Tor.com has just published a new story of mine, "The Things that Make Me Weak and Strange Get Engineered Away" (the title is from "The Future Soon," a Jonathan Coulton song), which is about geek monasteries that house smart people who can't get along in the world and put them to work as coders. The story is the first Tor.com piece to be Creative Commons licensed and you're encouraged to remix it, translate it, whatever. There's already a podcast of me reading the story (also CC licensed) and PDF, Mobipocket and Sony reader files are already available.
Lawrence's cubicle was just the right place to chew on a thorny logfile problem: decorated with the votive fetishes of his monastic order, a thousand calming, clarifying mandalas and saints devoted to helping him think clearly.
From the nearby cubicles, Lawrence heard the ritualized muttering of a thousand brothers and sisters in the Order of Reflective Analytics, a susurration of harmonized, concentrated thought. On his display, he watched an instrument widget track the decibel level over time, the graph overlaid on a 3D curve of normal activity over time and space. He noted that the level was a little high, the room a little more anxious than usual.

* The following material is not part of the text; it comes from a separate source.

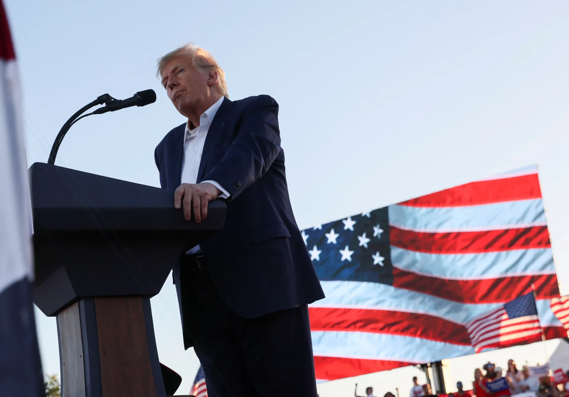 “Hoy somos testigos del abuso de poder más malvado y atroz de la historia de nuestro país. Algo muy triste de ver, un presidente en ejercicio corrupto hizo arrestar a su principal oponente político por cargos falsos e inventados de los que él y numerosos otros presidentes serían culpables. Justo en medio de una elección presidencial, en la que está perdiendo gravemente”, declaró Trump en el mitin.

He clicked and tapped and thought some more, massaging the logfile to see if he could make it snap into focus and make sense, but it stubbornly refused to be sensible. The data tracked the custody chain of the bitstream the Order munged for the Securitat, and somewhere in there, a file had grown by 68 bytes, blowing its checksum and becoming An Anomaly.
Order lore was filled with Anomalies, loose threads in the fabric of reality–bugs to be squashed in the data-set that was the Order's universe. Starting with the pre-Order sysadmin who'd tracked a $0.75 billing anomaly back to foreign spy-ring that was using his systems to hack his military, these morality tales were object lessons to the Order's monks: pick at the seams and the world will unravel in useful and interesting ways.